__WHAT THE TASK REQUIRES__.
Return the first line of the listing below and all the lines after it through the one containing "Romuald Trudeau (1802", exactly, without pictures.

--- START ---

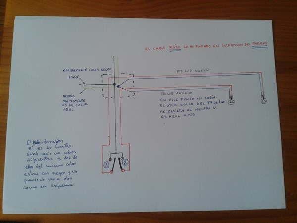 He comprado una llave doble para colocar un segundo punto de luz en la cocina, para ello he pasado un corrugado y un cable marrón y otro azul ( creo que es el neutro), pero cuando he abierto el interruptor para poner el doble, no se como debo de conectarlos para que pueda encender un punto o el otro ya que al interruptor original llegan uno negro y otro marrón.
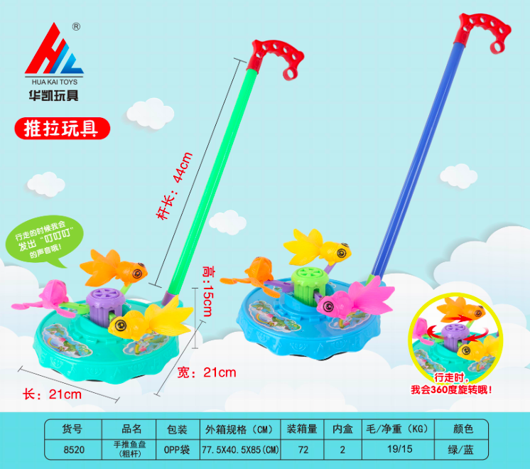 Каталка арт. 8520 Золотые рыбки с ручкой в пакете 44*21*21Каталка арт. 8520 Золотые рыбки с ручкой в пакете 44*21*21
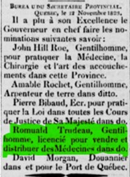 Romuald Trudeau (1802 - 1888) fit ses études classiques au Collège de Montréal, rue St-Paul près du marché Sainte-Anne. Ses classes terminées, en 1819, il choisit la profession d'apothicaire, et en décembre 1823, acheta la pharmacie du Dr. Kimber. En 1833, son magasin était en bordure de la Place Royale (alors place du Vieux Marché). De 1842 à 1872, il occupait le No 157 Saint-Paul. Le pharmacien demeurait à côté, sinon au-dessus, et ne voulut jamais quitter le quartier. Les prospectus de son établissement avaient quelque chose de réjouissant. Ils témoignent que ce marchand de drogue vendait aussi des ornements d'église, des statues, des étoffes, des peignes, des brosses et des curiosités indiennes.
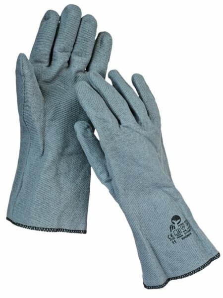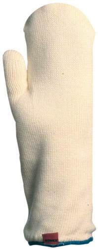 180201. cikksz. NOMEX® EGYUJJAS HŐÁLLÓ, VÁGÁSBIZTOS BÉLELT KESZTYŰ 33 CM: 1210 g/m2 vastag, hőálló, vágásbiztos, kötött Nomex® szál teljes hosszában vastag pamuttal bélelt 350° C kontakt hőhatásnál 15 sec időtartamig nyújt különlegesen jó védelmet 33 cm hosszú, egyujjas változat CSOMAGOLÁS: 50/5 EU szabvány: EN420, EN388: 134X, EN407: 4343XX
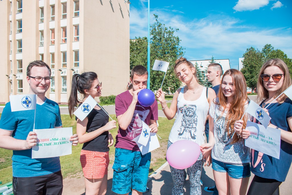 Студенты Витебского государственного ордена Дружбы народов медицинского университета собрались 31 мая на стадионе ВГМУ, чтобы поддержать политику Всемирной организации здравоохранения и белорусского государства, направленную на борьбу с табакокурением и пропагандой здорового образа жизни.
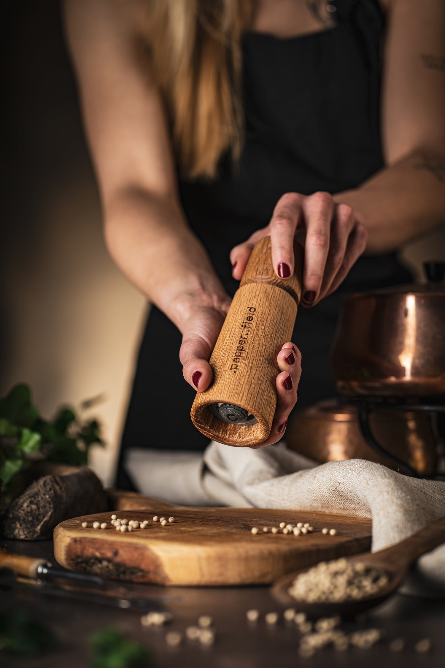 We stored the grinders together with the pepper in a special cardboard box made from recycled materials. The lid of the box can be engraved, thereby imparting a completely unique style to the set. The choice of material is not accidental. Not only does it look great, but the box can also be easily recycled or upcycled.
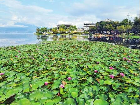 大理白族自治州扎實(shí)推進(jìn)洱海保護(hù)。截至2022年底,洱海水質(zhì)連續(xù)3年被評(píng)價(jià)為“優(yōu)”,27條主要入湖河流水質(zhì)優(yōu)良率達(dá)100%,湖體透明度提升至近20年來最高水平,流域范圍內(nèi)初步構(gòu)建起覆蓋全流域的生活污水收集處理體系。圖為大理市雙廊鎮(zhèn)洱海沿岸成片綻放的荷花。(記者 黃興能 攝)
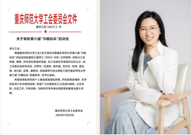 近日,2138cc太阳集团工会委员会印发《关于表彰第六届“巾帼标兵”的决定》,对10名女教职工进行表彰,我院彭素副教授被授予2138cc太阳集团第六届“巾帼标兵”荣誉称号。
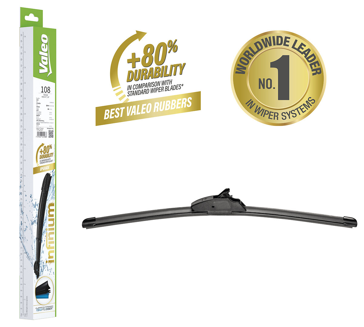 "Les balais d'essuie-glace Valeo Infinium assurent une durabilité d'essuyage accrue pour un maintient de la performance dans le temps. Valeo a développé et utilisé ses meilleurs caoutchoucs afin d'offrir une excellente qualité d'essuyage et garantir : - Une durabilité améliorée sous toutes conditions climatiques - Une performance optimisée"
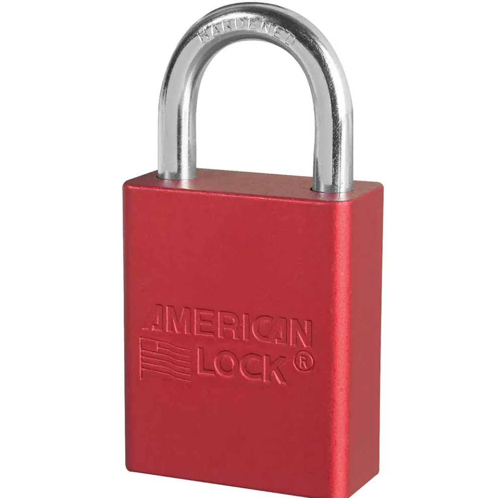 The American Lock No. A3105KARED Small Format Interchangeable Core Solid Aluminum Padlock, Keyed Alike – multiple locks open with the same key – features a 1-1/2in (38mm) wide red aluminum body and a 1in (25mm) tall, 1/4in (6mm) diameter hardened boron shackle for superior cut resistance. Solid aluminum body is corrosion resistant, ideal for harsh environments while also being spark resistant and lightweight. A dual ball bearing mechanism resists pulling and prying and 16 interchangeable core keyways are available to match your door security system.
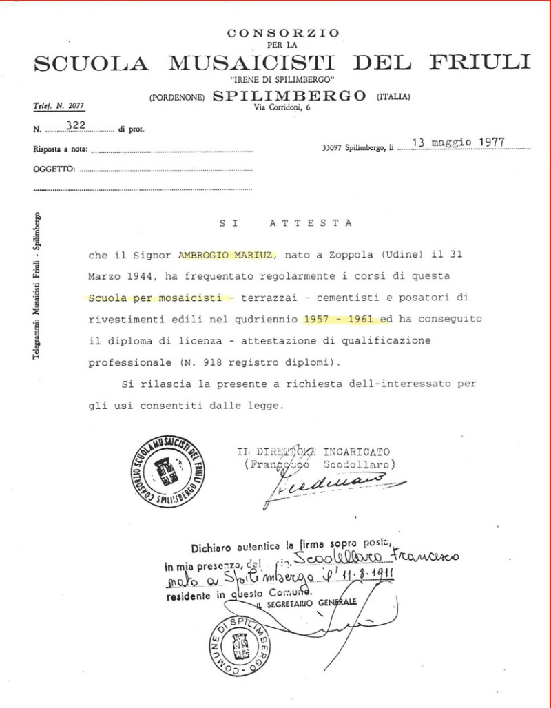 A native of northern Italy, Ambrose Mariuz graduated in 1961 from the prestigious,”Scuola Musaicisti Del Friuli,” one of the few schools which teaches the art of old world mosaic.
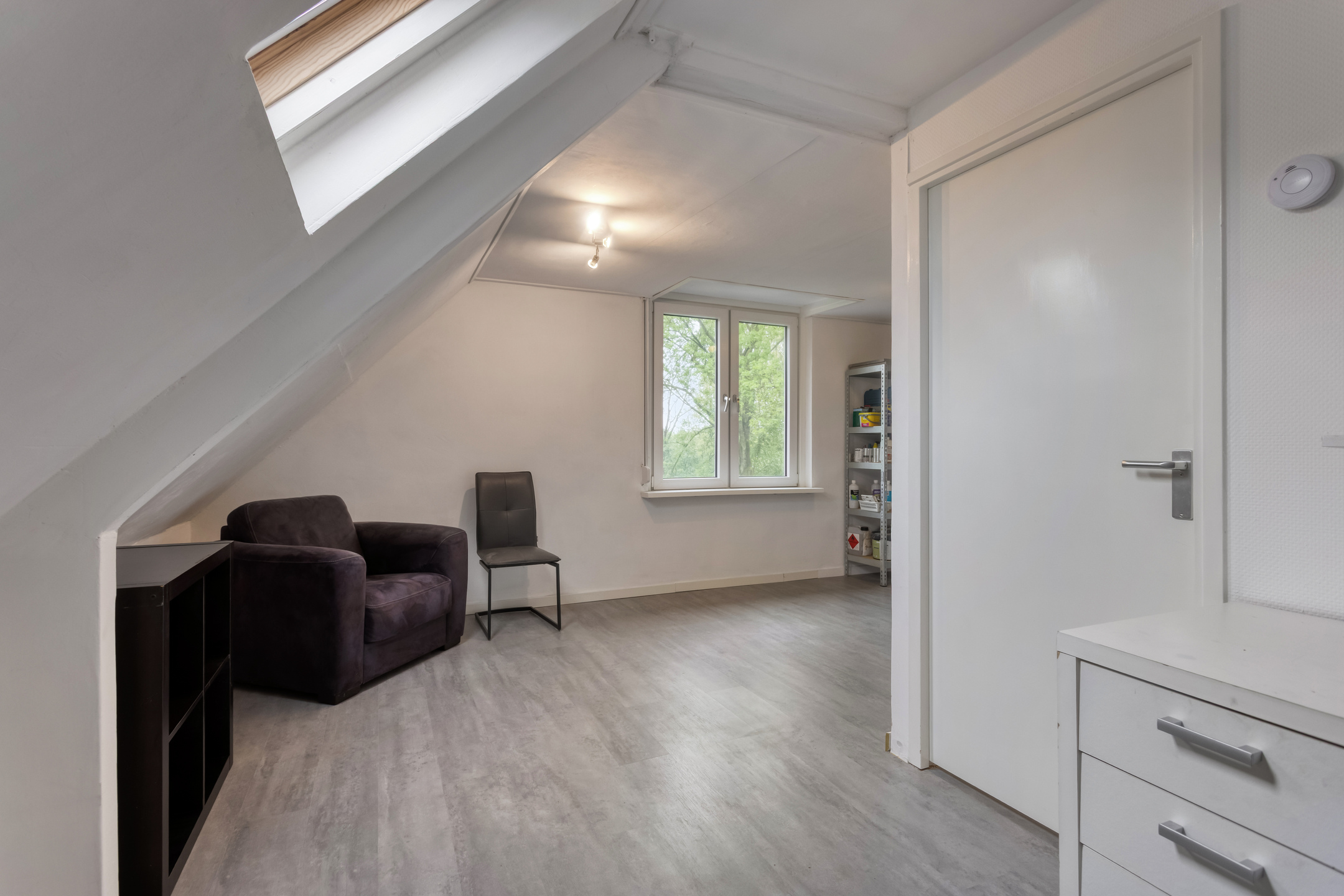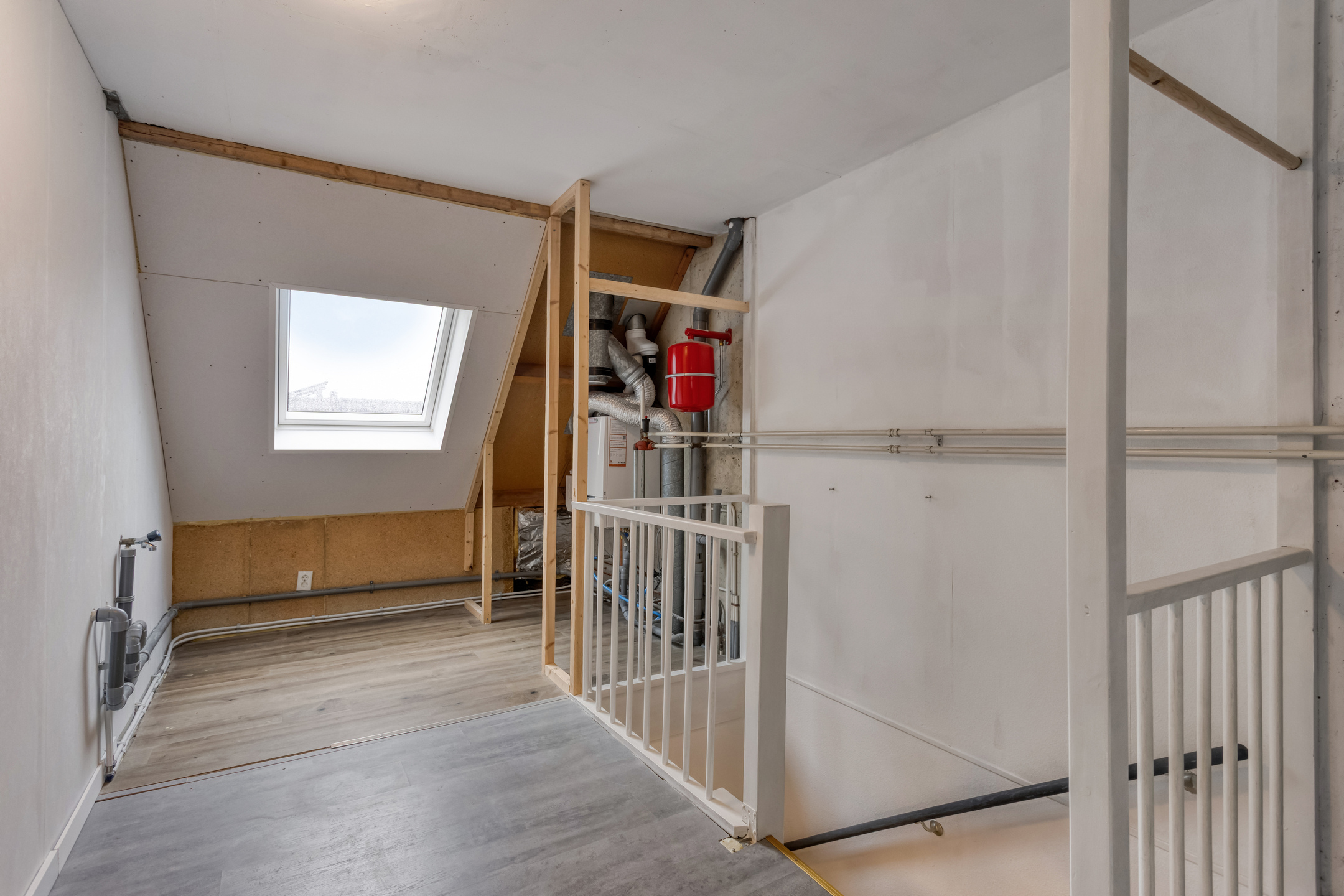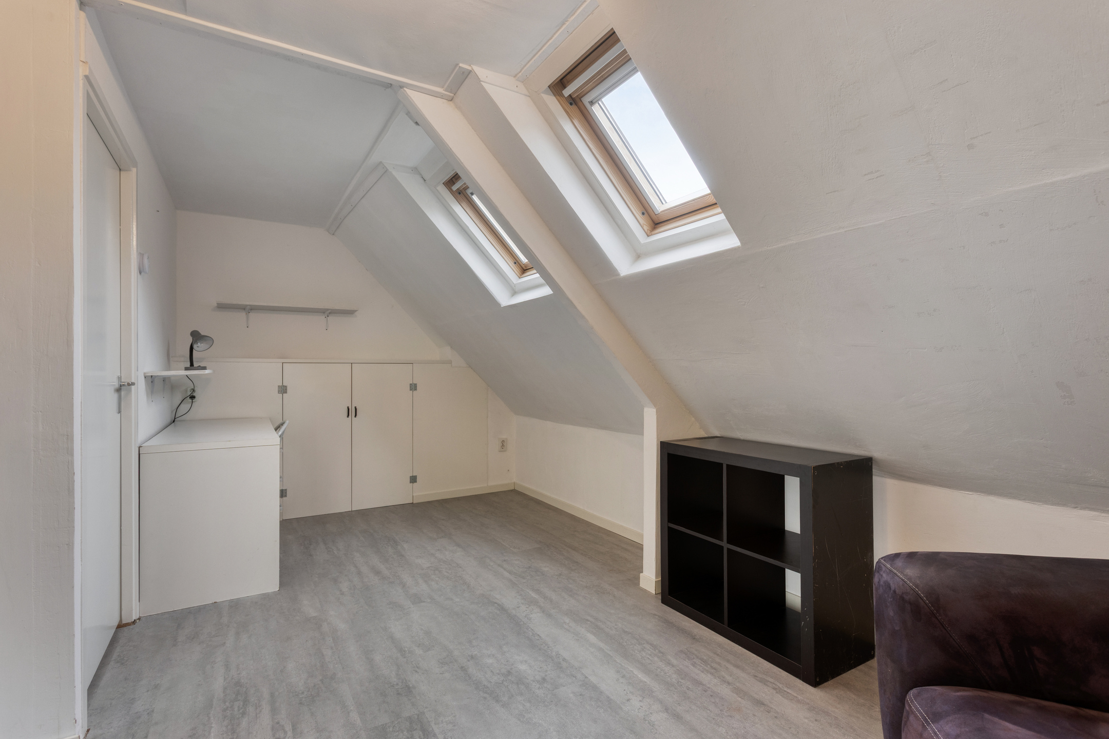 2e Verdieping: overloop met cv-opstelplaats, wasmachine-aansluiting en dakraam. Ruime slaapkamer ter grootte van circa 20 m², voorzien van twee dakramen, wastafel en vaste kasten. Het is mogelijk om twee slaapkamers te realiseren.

--- END ---

__ANSWER TO THIS TASK__.
 He comprado una llave doble para colocar un segundo punto de luz en la cocina, para ello he pasado un corrugado y un cable marrón y otro azul ( creo que es el neutro), pero cuando he abierto el interruptor para poner el doble, no se como debo de conectarlos para que pueda encender un punto o el otro ya que al interruptor original llegan uno negro y otro marrón.
 Каталка арт. 8520 Золотые рыбки с ручкой в пакете 44*21*21Каталка арт. 8520 Золотые рыбки с ручкой в пакете 44*21*21
 Romuald Trudeau (1802 - 1888) fit ses études classiques au Collège de Montréal, rue St-Paul près du marché Sainte-Anne. Ses classes terminées, en 1819, il choisit la profession d'apothicaire, et en décembre 1823, acheta la pharmacie du Dr. Kimber. En 1833, son magasin était en bordure de la Place Royale (alors place du Vieux Marché). De 1842 à 1872, il occupait le No 157 Saint-Paul. Le pharmacien demeurait à côté, sinon au-dessus, et ne voulut jamais quitter le quartier. Les prospectus de son établissement avaient quelque chose de réjouissant. Ils témoignent que ce marchand de drogue vendait aussi des ornements d'église, des statues, des étoffes, des peignes, des brosses et des curiosités indiennes.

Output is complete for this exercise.